“If all the evil I’ve ever done wants to come back to bite me in the ass, I’d like to think that I’ve spent my life since preparing for it.”
“Me? I couldn’t care less how other people choose to spend their time, so long as it’s not actively interfering with other people’s good works. You hear about this all the time, about how some faceless individuals on the Internet are making life difficult for so-and-so on some social network. The thing to remember is that those interactions are all playing out on a website. By and large the little cause-and-effect dramas that play out are entirely voluntary. Someone pointed me at this movement that started last year over some minor drama and supposedly exploded into this giant convoluted monstrous hate machine, and maybe for them it’s real, but that’s only because of how they structure their reality. I’ve always held the belief that our perception of reality is fluid and mutable. Try to think of it like this: your sphere of influence (which, bear in mind, is a two-way mechanism of equivalent bounds) floats around in the aether along with everyone else’s, like bubbles in space. Sometimes these bubbles intersect, and you get conflicts of interest, sharp agreement, and everything in between. And those intersections aren’t limited to just a one-on-one meeting of the minds. You can be overlapping with an infinite number of other realities all at once, depending on how you’ve positioned yourself. It’s like if you’re sitting at a table with three other people. One of them is a friend you’ve had for years, a person you know well enough to trust and you share a lot of the same ideas. Maybe your little bubbles intersect like, 75%. There’s a complete stranger at the end of the table, someone you’ve known for a minute, and so far the impression’s been bad and you’re just not sure about them. Your bubbles barely touch at all, perhaps not even one bit, and you’re only peripherally aware of each other. Then the last person knows this stranger even better than you know your friend, and is passingly familiar with you.
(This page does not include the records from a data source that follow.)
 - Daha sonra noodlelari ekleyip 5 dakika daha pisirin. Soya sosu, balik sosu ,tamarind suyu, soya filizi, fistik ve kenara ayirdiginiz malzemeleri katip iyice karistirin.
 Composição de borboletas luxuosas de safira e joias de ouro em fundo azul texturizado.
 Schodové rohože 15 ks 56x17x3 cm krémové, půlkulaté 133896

Their bubbles almost completely overlap, while yours share just a narrow slice.
“Here’s the kicker, though: you’re free to move your little bubble any time you like. You’re under no obligation to share or lease any of your brainspace with anyone else’s. It’s entirely voluntary. You can be in close physical proximity to someone, and yet be wholly exclusive of their mental machinations. You want to try and tell me that a bunch of people playing mind games on some website are going to have any kind of impact on my reality whatsoever? Do you really think I have that little control over my sphere of influence? It’s patently ridiculous.
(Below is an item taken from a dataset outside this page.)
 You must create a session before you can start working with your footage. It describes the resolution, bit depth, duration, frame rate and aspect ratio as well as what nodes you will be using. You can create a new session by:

“And you want to know something really important about all of this? If there are these people engaged in the type of social warfare you describe, where the battleground is a communication-limited social network, I say good for them. Let the people who want to punch that particular tarbaby do so, let them get mired in it. If they’re getting something out of it, good. Perhaps there’s some lessons there to be learned, and they’re all just going to school. But the real importance of it is that those who are participating are spending their energy there, engaged in ultimately fruitless battle, spending their time and energy on insignificant, temporal communication instead of building things that might have a real impact on the culture at large. Oh, they’ll say that they’re changing the world, that what they do matters, but that’s only to stave off the despairing reality of the situation which is that they’re engaging in pointless diversion that’s no more impactful on the world at large or the future history of humankind than the sharing and dissemination of cat pictures.”
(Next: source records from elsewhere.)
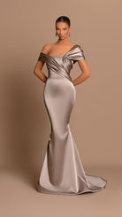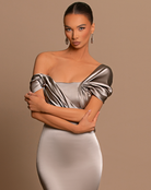 This gray satin dress is a true masterpiece of design, combining elegance, sophistication, and style in a single stunning garment. The dress features a beautiful corset that wraps around the torso, accentuating the curves of the wearer and creating a sleek and alluring silhouette. Attached to the corset are two delicate scarves that draped elegantly over the arms, adding a touch if whimsy and charm to the overall design. These scarves add a unique element of visual interest to the dress. Beneath the corset, the dress flares our into a dramatic and mesmerizing long-tailed mermaid shape. Crafted from the finest materials
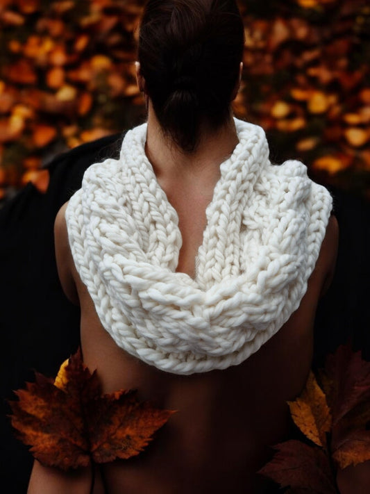 Adult's Handmade Knitted Super Chunky Cream Cable Cowl
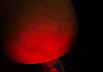 关上灯,拉上窗帘,形成黑暗的房间,对照镜子最佳,打开红光乳腺检测仪,使用650nm波长的红光照射,肉眼可见整个乳房状态,乳房的内部情况一目了然,哪里有阴影,哪里有血管组织混乱不清,都能看见。准确率高达95%。

“… and then you realize that every single human being who’s survived long enough to form their own opinions on things is an incredibly, insanely complex individual filled with hopes, dreams, fears, loves, hates, desires, and despises just like you. And that at some point they’re going to shuffle off into whatever is or isn’t in the vast and dark plane of the afterlife, leaving you behind to wait your own turn, and wonder if you’ll ever meet them again.
“That’s perhaps why we marginalize so many of them. People, I mean. It’s the only way to keep our hearts from shattering into a million pieces on a moment-to-moment basis.”